WORK INSTRUCTION: Please restate word for word the lines from the top of the entries through the line that contains "Satin Pajama Sets", and do not include any pictures.

DATA EXTRACT:
= = = =

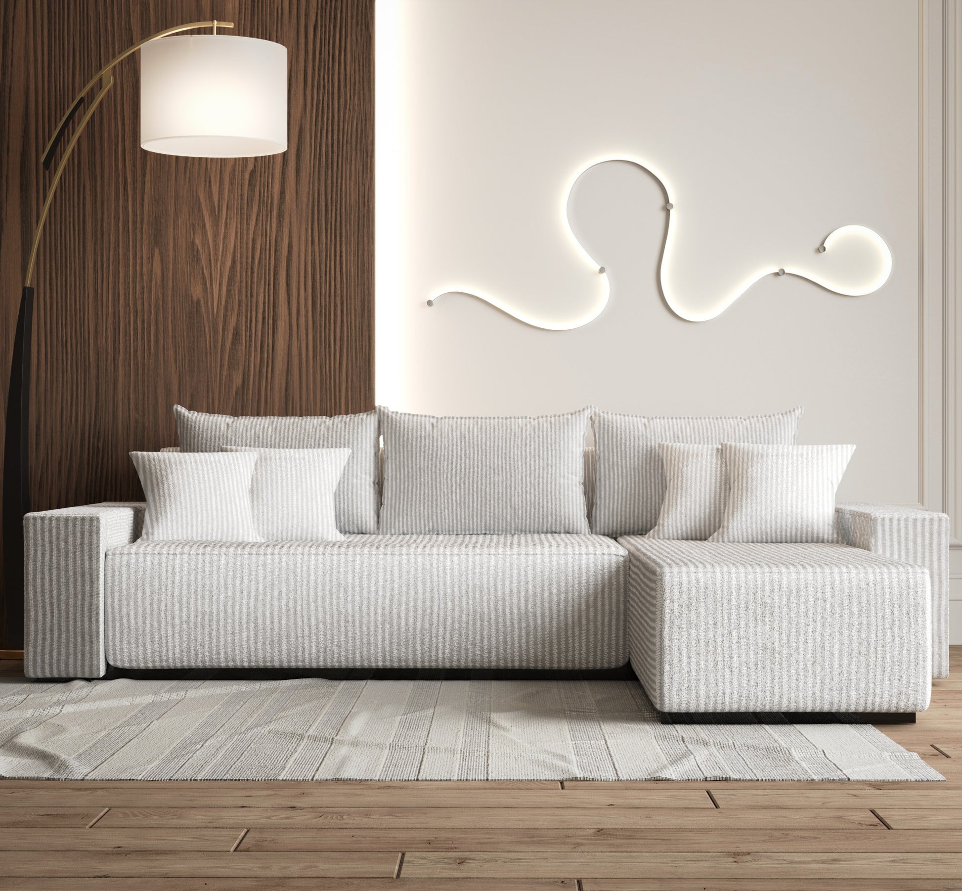 TEDEN to nowoczesny narożnik z funkcją spania, dostępny w różnych wariantach materiałów i kolorystyki. Prosta forma, wygodne poduszki i praktyczne rozwiązania sprawiają, że doskonale odnajdzie się zarówno w salonie, jak i w sypialni. Jego sztruksowe wykończenie dodaje wnętrzu przytulności, a kompaktowe wymiary pozwalają na swobodne dopasowanie do różnych przestrzeni.
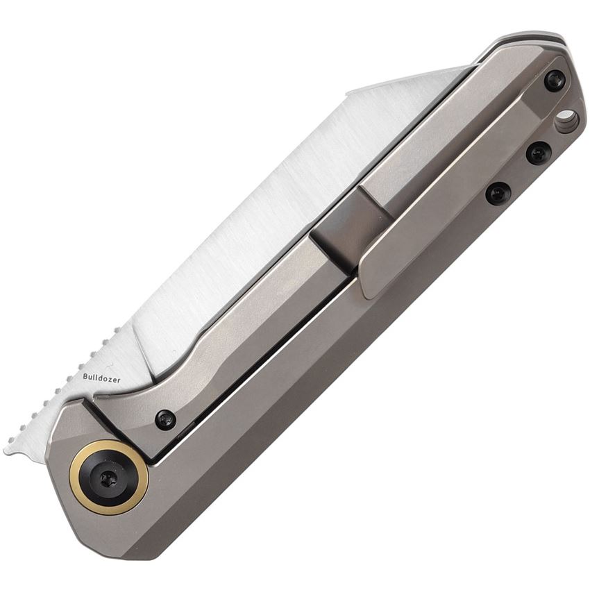 Model/Item/Part Number - K1028A4. Kansept Bulldozer Framelock Knife Bronze Handles. 4.75" (12.07cm) closed. 3.75" (9.53cm) satin finish CPM-20CV stainless blade. Bronze anodized titanium handle. Extended tang. Lanyard hole. Pocket clip. Black nylon pouch. Boxed. Made in China.
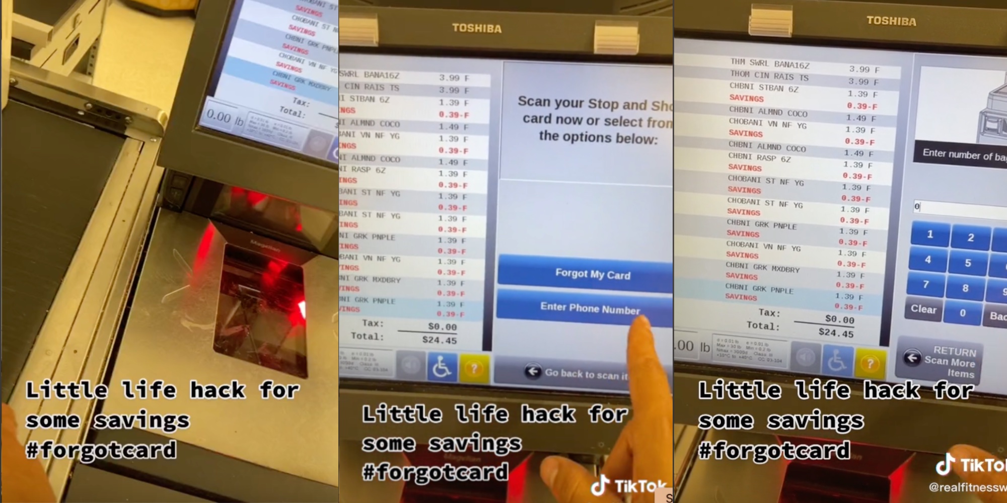 Shared by @realfitnesswill on TikTok, the video shows him selecting the "forgot card" option at Stop & Shop self-checkout so that he can get all the rewards card discounts. He also inputs "0" when the self-checkout asks how many bags he used. Overall, this saved him about $5.
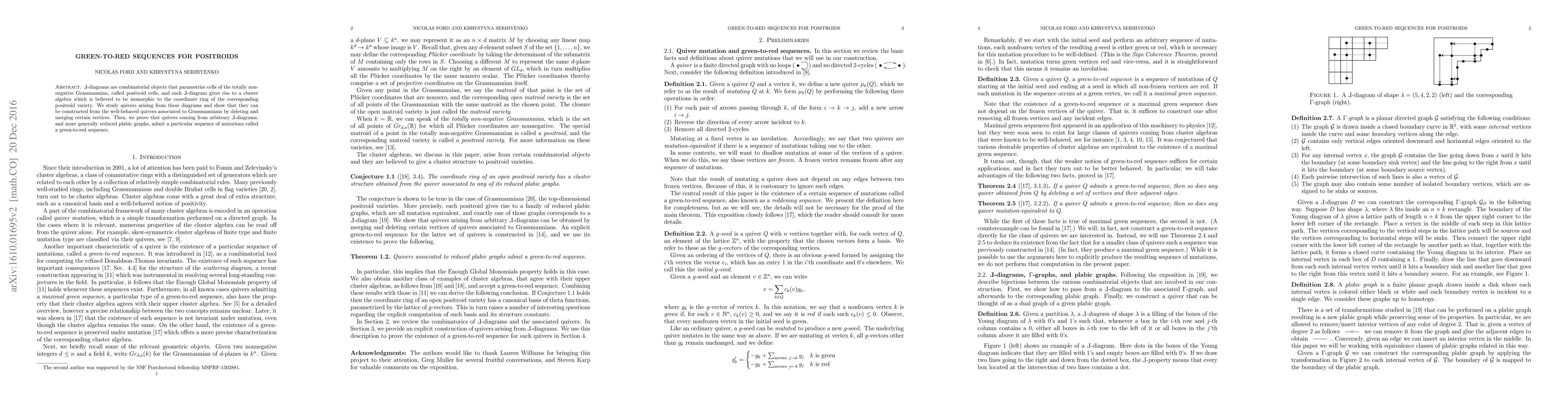 Le-diagrams are combinatorial objects that parametrize cells of the totally nonnegative Grassmannian, called positroid cells, and each Le-diagram gives rise to a cluster algebra which is believed to be isomorphic to the coordinate ring of the corresponding positroid variety. We study quivers arising from these diagrams and show that they can be constructed from the well-behaved quivers associated to Grassmannians by deleting and merging certain vertices. Then, we prove that quivers coming from arbitrary Le-diagrams, and more generally reduced plabic graphs, admit a particular sequence of mutations called a green-to-red sequence.
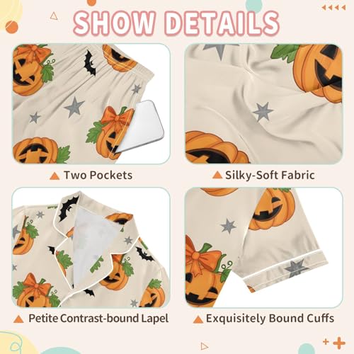Satin Pajama Sets Short Sleeve Pumpkin Pattern with Bats Stars Button Down Silky Nightwear 2 Piece PJS 5-14Y 2
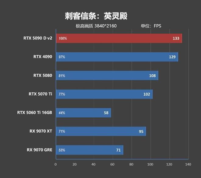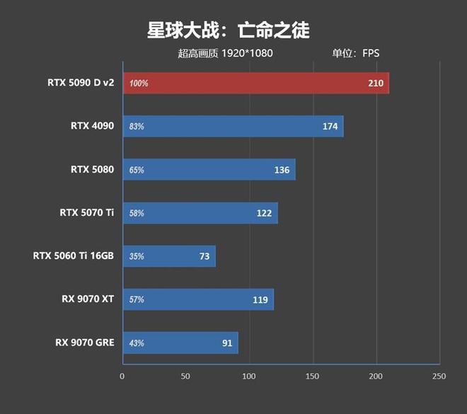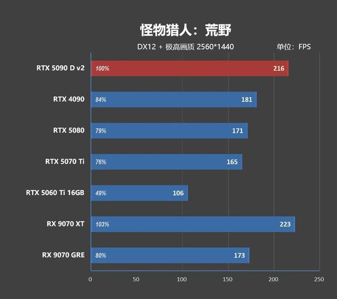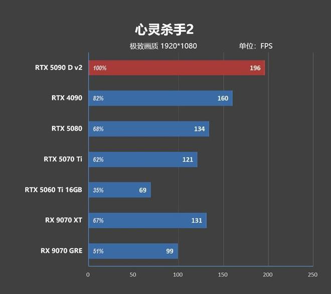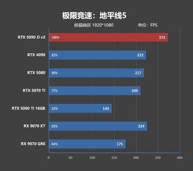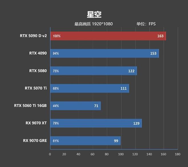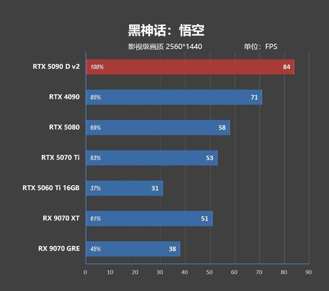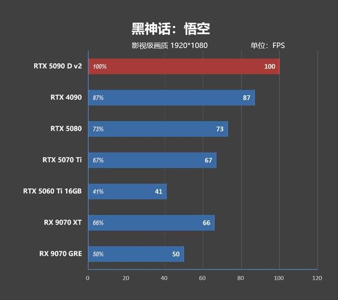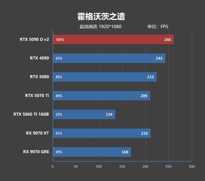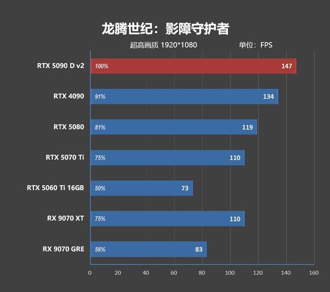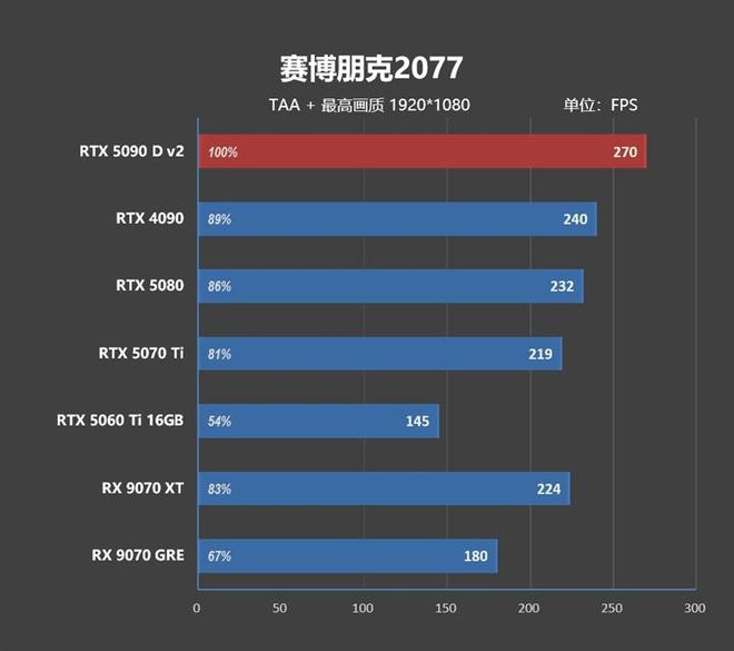 1080P分辨率下 ,由于CPU存在巨大的瓶颈,高端显卡之间完全无法拉开性能差距,RTX 5090 D v2只比RTX 4090快了8.8%,比RTX 5080快了21.7%。

= = = =

RESULT FOR THIS EXERCISE:
 TEDEN to nowoczesny narożnik z funkcją spania, dostępny w różnych wariantach materiałów i kolorystyki. Prosta forma, wygodne poduszki i praktyczne rozwiązania sprawiają, że doskonale odnajdzie się zarówno w salonie, jak i w sypialni. Jego sztruksowe wykończenie dodaje wnętrzu przytulności, a kompaktowe wymiary pozwalają na swobodne dopasowanie do różnych przestrzeni.
 Model/Item/Part Number - K1028A4. Kansept Bulldozer Framelock Knife Bronze Handles. 4.75" (12.07cm) closed. 3.75" (9.53cm) satin finish CPM-20CV stainless blade. Bronze anodized titanium handle. Extended tang. Lanyard hole. Pocket clip. Black nylon pouch. Boxed. Made in China.
 Shared by @realfitnesswill on TikTok, the video shows him selecting the "forgot card" option at Stop & Shop self-checkout so that he can get all the rewards card discounts. He also inputs "0" when the self-checkout asks how many bags he used. Overall, this saved him about $5.
 Le-diagrams are combinatorial objects that parametrize cells of the totally nonnegative Grassmannian, called positroid cells, and each Le-diagram gives rise to a cluster algebra which is believed to be isomorphic to the coordinate ring of the corresponding positroid variety. We study quivers arising from these diagrams and show that they can be constructed from the well-behaved quivers associated to Grassmannians by deleting and merging certain vertices. Then, we prove that quivers coming from arbitrary Le-diagrams, and more generally reduced plabic graphs, admit a particular sequence of mutations called a green-to-red sequence.
Satin Pajama Sets Short Sleeve Pumpkin Pattern with Bats Stars Button Down Silky Nightwear 2 Piece PJS 5-14Y 2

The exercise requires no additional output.